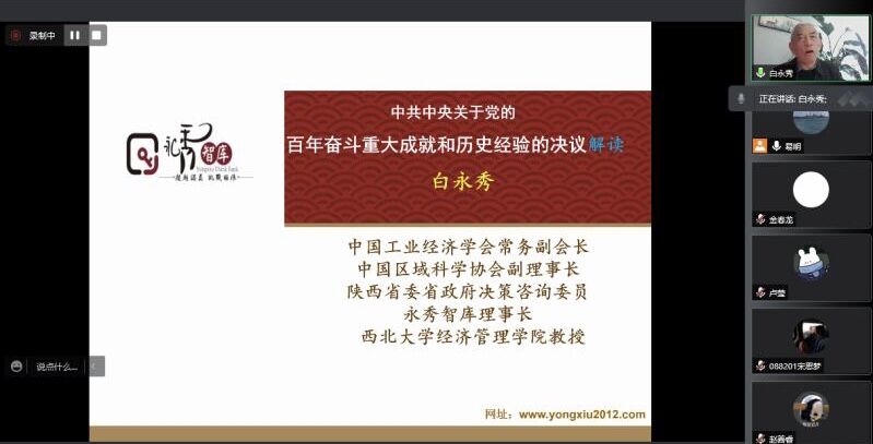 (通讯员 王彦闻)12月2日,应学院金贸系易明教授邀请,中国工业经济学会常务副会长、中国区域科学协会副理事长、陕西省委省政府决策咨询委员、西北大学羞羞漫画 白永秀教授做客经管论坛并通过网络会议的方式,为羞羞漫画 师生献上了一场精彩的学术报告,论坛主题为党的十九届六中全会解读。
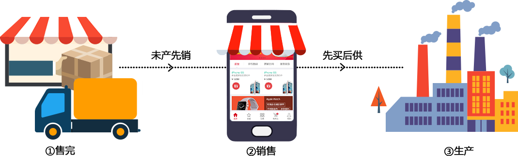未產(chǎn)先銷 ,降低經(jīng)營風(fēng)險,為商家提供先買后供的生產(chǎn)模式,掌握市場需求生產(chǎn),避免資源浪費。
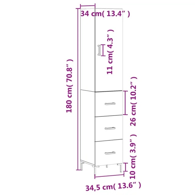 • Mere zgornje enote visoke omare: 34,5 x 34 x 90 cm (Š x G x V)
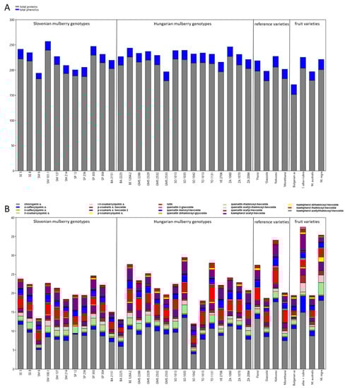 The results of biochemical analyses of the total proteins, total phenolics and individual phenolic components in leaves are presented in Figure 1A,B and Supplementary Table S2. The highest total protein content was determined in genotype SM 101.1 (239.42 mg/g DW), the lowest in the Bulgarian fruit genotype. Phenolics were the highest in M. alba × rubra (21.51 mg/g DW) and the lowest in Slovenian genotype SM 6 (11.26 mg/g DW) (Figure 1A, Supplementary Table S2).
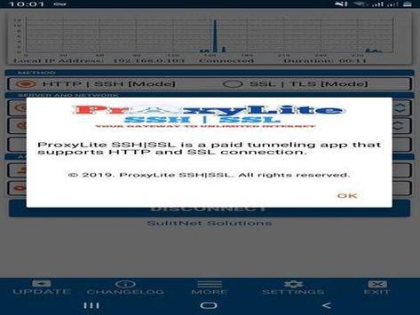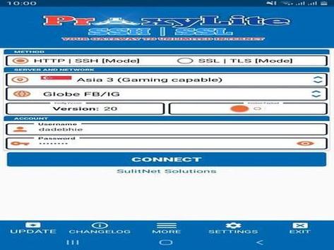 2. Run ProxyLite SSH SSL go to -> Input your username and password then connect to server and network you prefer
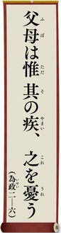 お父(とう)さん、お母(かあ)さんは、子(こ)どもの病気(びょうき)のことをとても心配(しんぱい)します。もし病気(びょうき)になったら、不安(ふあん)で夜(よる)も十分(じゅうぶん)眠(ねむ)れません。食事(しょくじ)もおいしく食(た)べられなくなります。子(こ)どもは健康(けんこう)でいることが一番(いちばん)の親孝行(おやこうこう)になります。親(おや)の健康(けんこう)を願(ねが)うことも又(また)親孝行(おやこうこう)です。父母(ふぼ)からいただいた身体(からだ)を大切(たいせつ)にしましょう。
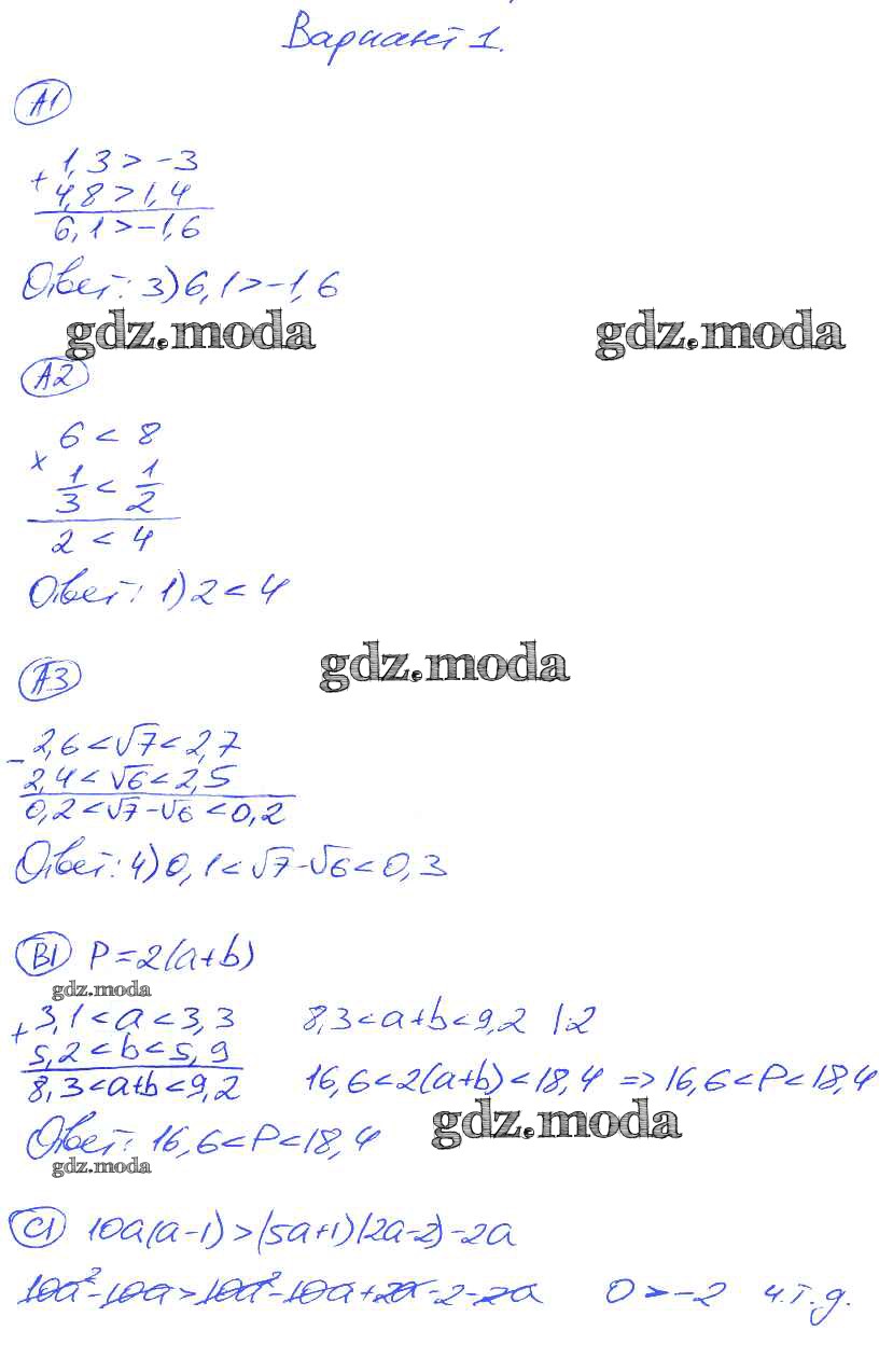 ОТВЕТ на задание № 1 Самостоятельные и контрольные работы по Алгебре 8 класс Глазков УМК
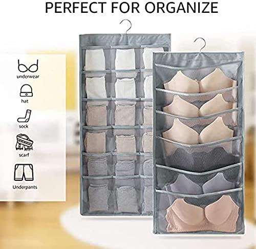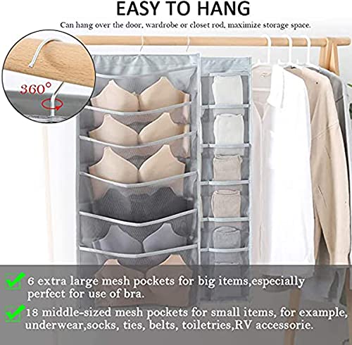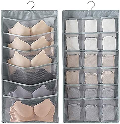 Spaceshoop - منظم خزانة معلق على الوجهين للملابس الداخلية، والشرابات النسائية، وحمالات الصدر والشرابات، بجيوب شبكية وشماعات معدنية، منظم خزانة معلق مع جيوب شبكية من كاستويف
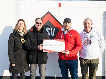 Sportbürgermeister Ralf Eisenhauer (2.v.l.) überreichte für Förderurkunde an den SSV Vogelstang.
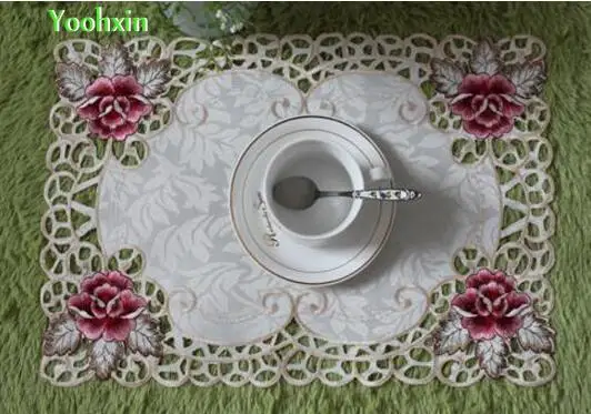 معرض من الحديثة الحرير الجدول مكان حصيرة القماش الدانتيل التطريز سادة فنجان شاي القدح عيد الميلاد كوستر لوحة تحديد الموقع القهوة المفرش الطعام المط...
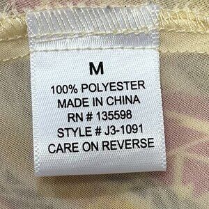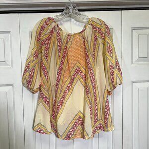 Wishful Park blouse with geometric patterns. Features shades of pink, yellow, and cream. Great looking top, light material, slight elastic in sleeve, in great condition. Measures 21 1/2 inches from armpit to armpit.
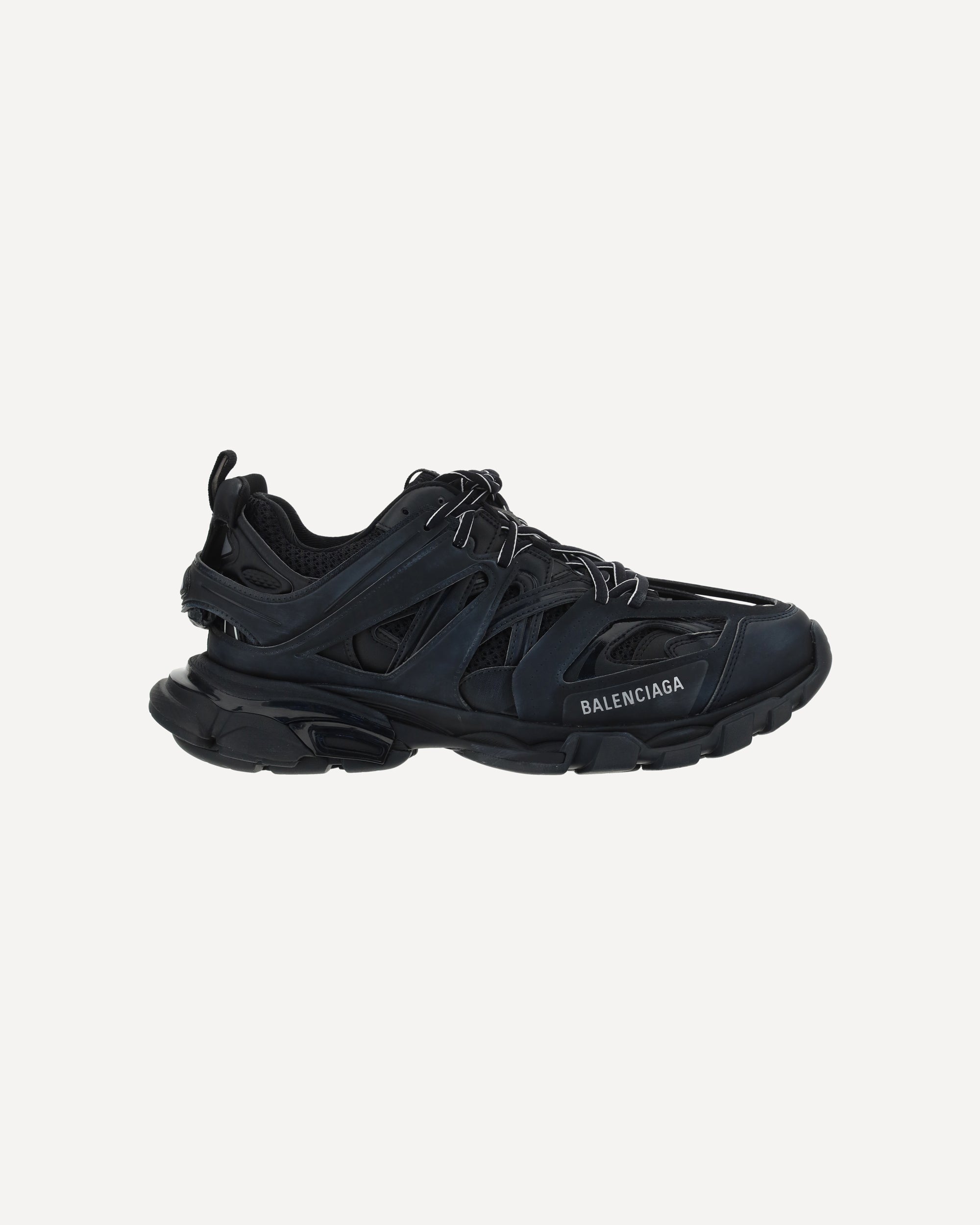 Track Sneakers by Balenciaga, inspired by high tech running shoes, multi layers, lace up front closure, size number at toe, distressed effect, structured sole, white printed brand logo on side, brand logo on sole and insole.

▶ [Work order]: Leave out every picture and copy verbatim the lines running from the line containing "ОТВЕТ на задание" through the final line of the data.

▶ [Result]:
 ОТВЕТ на задание № 1 Самостоятельные и контрольные работы по Алгебре 8 класс Глазков УМК
 Spaceshoop - منظم خزانة معلق على الوجهين للملابس الداخلية، والشرابات النسائية، وحمالات الصدر والشرابات، بجيوب شبكية وشماعات معدنية، منظم خزانة معلق مع جيوب شبكية من كاستويف
 Sportbürgermeister Ralf Eisenhauer (2.v.l.) überreichte für Förderurkunde an den SSV Vogelstang.
 معرض من الحديثة الحرير الجدول مكان حصيرة القماش الدانتيل التطريز سادة فنجان شاي القدح عيد الميلاد كوستر لوحة تحديد الموقع القهوة المفرش الطعام المط...
 Wishful Park blouse with geometric patterns. Features shades of pink, yellow, and cream. Great looking top, light material, slight elastic in sleeve, in great condition. Measures 21 1/2 inches from armpit to armpit.
 Track Sneakers by Balenciaga, inspired by high tech running shoes, multi layers, lace up front closure, size number at toe, distressed effect, structured sole, white printed brand logo on side, brand logo on sole and insole.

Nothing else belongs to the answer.